An example RGB (A), LiDAR (B), and (the RGB image generated from the corresponding) Hyperspectral image (C) of a region in OSBS.

Figure 3: An example RGB (A), LiDAR (B), and (the RGB image generated from the corresponding) Hyperspectral image (C) of a region in OSBS.

Both axes are in meters.
Average spectral signature of (A) all genera and (B) all species, colored by genera.

Figure 4: Average spectral signature of (A) all genera and (B) all species, colored by genera.

The testing data are also NEON tree crown hyperspectral data in the same format. There were 126 testing tree crowns. The test labels were not provided by the competition organizers.
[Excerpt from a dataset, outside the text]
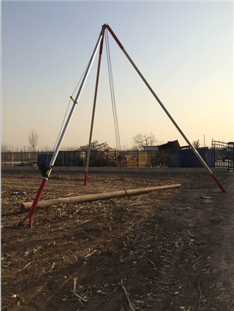 使用方法:1、用立杆机主杆上配带的销钉,把主杆(长杆)、两副杆的头部进行连接。2、把三杆成三角形状平放在地面上。提示:三杆头部连接处应位于杆坑处。3、三名施工人员,各自握住一根杆体,用力上推把该机立起。提示:在上推时为了不使杆体左右偏移,应保持三根杆的跟部不离开地面,三杆上推时推升距离应相等。例:主杆上推1米两副杆也应同步上推1米。4、三角架立起后应保证三杆头部连接处与线杆坑底部垂直。5、把将要立起的线杆运至适当位置,详细见下图表。如果您为线路施工组立线杆费时费力而苦恼,请选用我厂生产的立杆机,本厂生产的铝合金铝合金立杆器采用国标铝合金型材制作而成,立杆机具有重量轻,负荷大,操作简便的有点,是您电力施工中的好帮手。欢迎来厂参考考查,热线电话24小时为你接通!

Data preprocessing and MI-ACE training

Prior to application of the MI-ACE algorithm, the water bands were removed to minimize the influence of noise and reduce dimensionality of the dataset. There were in total 55 water bands that are removed, correspond to wavelength of 1,345 nm to 1,430 nm, 1,800 nm to 1,956 nm and 2,482 nm to 2,512 nm. Then, since in our current implementation data points labeled as OTHERS genus or species are not addressed, the signatures that were labeled as OTHERS are removed from the training set.

Table 1:
The number of training tree crowns for each species
Species ACRU LIST PIEL PIPA PITA QUGE QULA QUNI OTHERS
Number 6 4 5 197 14 12 54 5 8
DOI: 10.7717/peerj.6405/table-1

After removal of the water bands and the OTHERS data points, the target signatures and classification threshold values are trained using the one-vs-one MI-ACE classification technique. Training was conducted at two levels, the genus and the species levels. During the training phase, each training tree crown was considered a bag for MI-ACE, thus the training label (genus or species level) was the bag label. A one-vs-one MI-ACE was used in which a set of MI-ACE target signatures representing the difference between every two genera or species were estimated. For instance, a target signature was trained to distinguish between the genus PI and the genus QU where tree crown labeled as PI was labeled target (or ‘1’) and QU was labeled as non-target (or ‘0’). For this competition only one MI-ACE classifier was trained for each pair of classes (as opposed to two for each pair) because results were similar between the two approaches. Similarly, a set of target signatures were estimated between every two species (if there were at least two species) that belonged to the same genus. For example, a target signature was estimated using training data to distinguish between species PIEL and PITA where the tree crowns labeled as PIEL were labeled as target (or ‘1’) and PITA was labeled as non-target (or ‘0’).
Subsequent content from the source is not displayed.